ASSIGNMENT: Ignoring every picture, transcribe the data in full as it stands.

SUPPLIED INFORMATION:
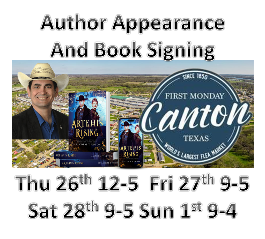 You can get autographed copies of Artemis Rising, Celestial Accord, or Mirim’s First Christmas at Canton First Monday Trade Days Thursday, Friday, Saturday, or Sunday.
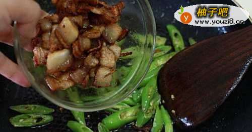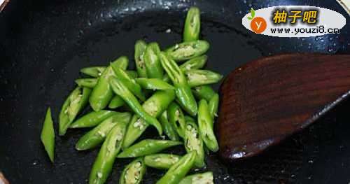 4锅里剩余的底油不要倒掉,放入切好的杭椒翻炒。
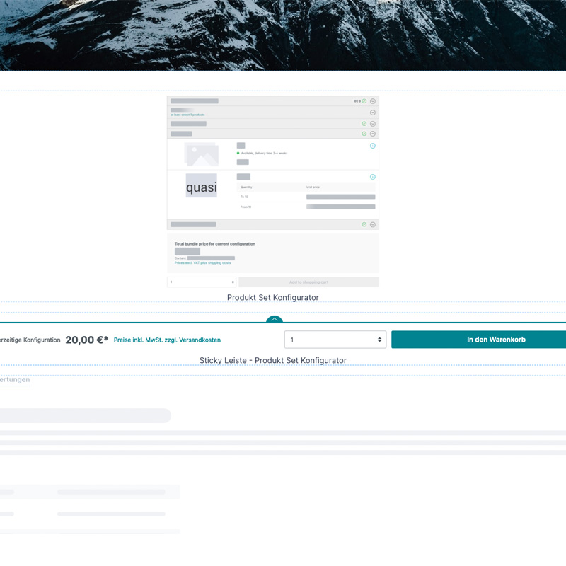 Die Produktdetailseite des Set-Konfigurators kann über die Erlebniswelten individuell gestaltet werden.
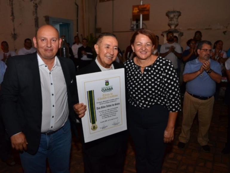 A Câmara de Vereadores de Cuiabá concedeu o título de cidadão cuiabano ao Arcebispo da Arquidiocese de Cuiabá, Dom Milton Antônio dos Santos, que completou 15 anos na Capital. A honraria foi entregue na noite desta segunda-feira (10), pelo autor do Decreto Legislativo, vereador Delegado Marcos Veloso (PV).

TASK OUTPUT:
 You can get autographed copies of Artemis Rising, Celestial Accord, or Mirim’s First Christmas at Canton First Monday Trade Days Thursday, Friday, Saturday, or Sunday.
 4锅里剩余的底油不要倒掉,放入切好的杭椒翻炒。
 Die Produktdetailseite des Set-Konfigurators kann über die Erlebniswelten individuell gestaltet werden.
 A Câmara de Vereadores de Cuiabá concedeu o título de cidadão cuiabano ao Arcebispo da Arquidiocese de Cuiabá, Dom Milton Antônio dos Santos, que completou 15 anos na Capital. A honraria foi entregue na noite desta segunda-feira (10), pelo autor do Decreto Legislativo, vereador Delegado Marcos Veloso (PV).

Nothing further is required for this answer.